── Source records ──

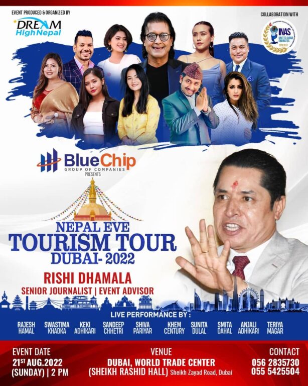 भोलि अगष्ट २१ तारिख दुवईको वल्र्ड ट्रेड सेन्टरको शिख रशिद हलमा आयोजना गरिने कार्यक्रममा पत्रकार धमला अतिथिको रुपमा सहभागी हुने भएका हुन् । उक्त ईभेन्टको व्यवस्थापन भने ड्रिम हाई नेपालले गरेको हो ।
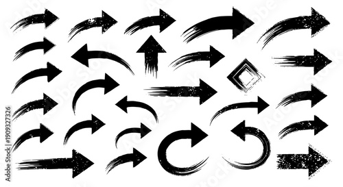 Black brush stroke arrows pointing various directions on white background for design and graphics
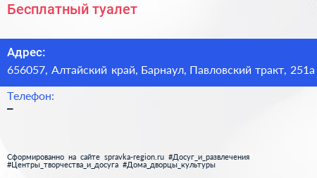 Бесплатный туалет по адресу 656057, Алтайский край, Барнаул, Павловский тракт, 251а в дальнейшем Организация, размещена в следующих категориях:
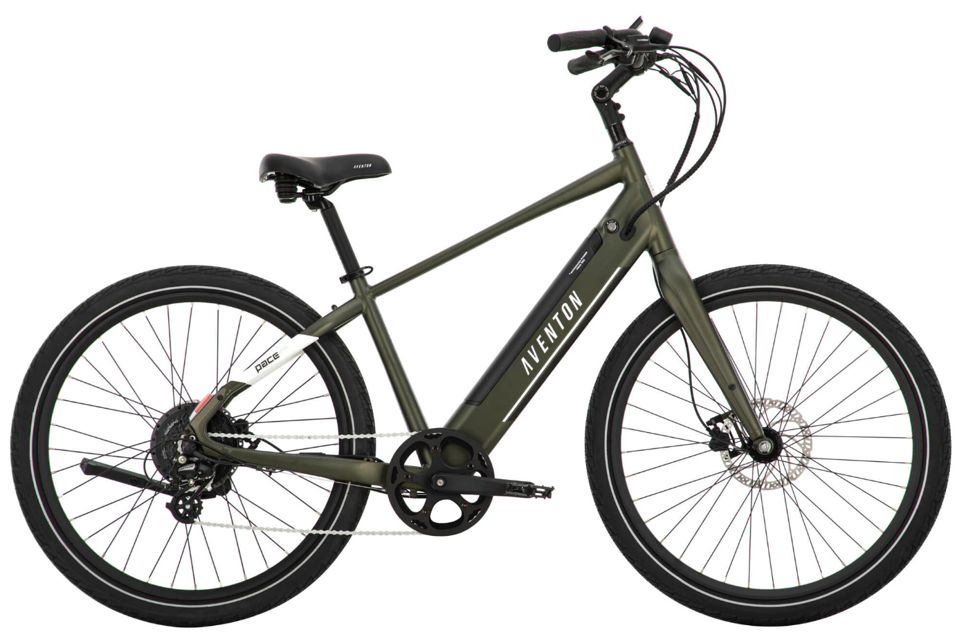 The Pace 500.3 comes out of the box as a Class II ebike, with pedal assist and throttle going up to 20 MPH. It can be unlocked to a Class III ebike and can go up to 28 MPH on pedal assist. The Pace 500.3 will also operate with the throttle unplugged and removed, should you want to ride in an area where throttles are prohibited. Aventon ebikes are built to the IPX4 water-resistant standard. IPX4 means that your bike is resistant to water splashes from any direction. This means it’s OK to ride your ebike in light rain. It won’t be harmed by spray from a wet road or raindrops. Your ebike is not intended to be exposed to prolonged rain or submerged or subjected to a pressurized spray. Don’t use a pressure washer or sprayer to clean your ebike. *Using PAS Eco throughout flat terrain with a rider weight of 160 lb.
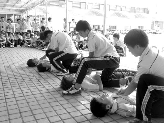 本报讯(记者 肖彤兰 摄影报道) 随着夏季暑假的即将来临,中小学生防溺水教育再次成为社会关注热点。昨天上午,在潮汕体育馆400名学生在广场游泳池边学防溺水与自救技巧(左图)。
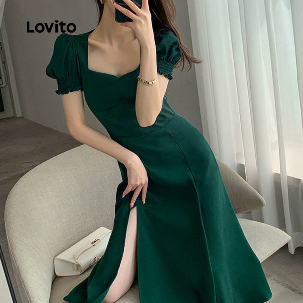 Lovito Vestido feminino elegante com corte reto e frente dividida L129ED267
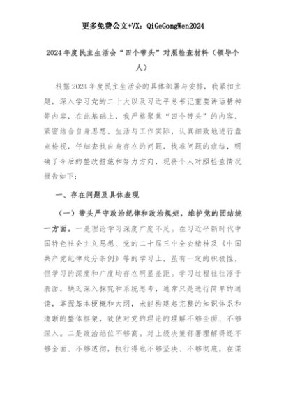 【七哥公文】2025年:2024年度民主生活会“四个带头”对照检查材料(领导个人)+更多免费公文+VX:QiGeGongWen2024+更多免费公文+VX:QiGeGongWen2024
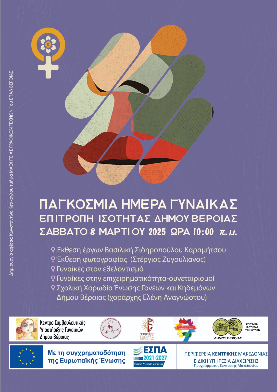 8 Μαρτίου Παγκόσμια Ημέρα της Γυναίκας και ο συνεταιρισμός μας προσκλήθηκε να συμμετάσχει στις εκδηλώσεις που διοργάνωσε η Επιτροπή Ισότητας του Δήμου Βέροιας για το 2025 με Έκθεση ζωγραφικών ΄Εργων της κας Βασιλικής Σιδηροπούλου,΄Εκθεση φωτογραφίας με θέμα τις γυναίκες της περιοχής στο πέρασμα των χρόνων του κ.Στέργιου Ζυγουλιάνου,Ομάδες γυναικών στον εθελοντισμό και Γυναίκες στην επιχειρηματικότητα όπως εμείς.

───

## Task directions
Exactly the lines from the top of the entries through the line with "Бесплатный туалет по", inclusive, must be given again, with every picture omitted.

## Response box
 भोलि अगष्ट २१ तारिख दुवईको वल्र्ड ट्रेड सेन्टरको शिख रशिद हलमा आयोजना गरिने कार्यक्रममा पत्रकार धमला अतिथिको रुपमा सहभागी हुने भएका हुन् । उक्त ईभेन्टको व्यवस्थापन भने ड्रिम हाई नेपालले गरेको हो ।
 Black brush stroke arrows pointing various directions on white background for design and graphics
 Бесплатный туалет по адресу 656057, Алтайский край, Барнаул, Павловский тракт, 251а в дальнейшем Организация, размещена в следующих категориях:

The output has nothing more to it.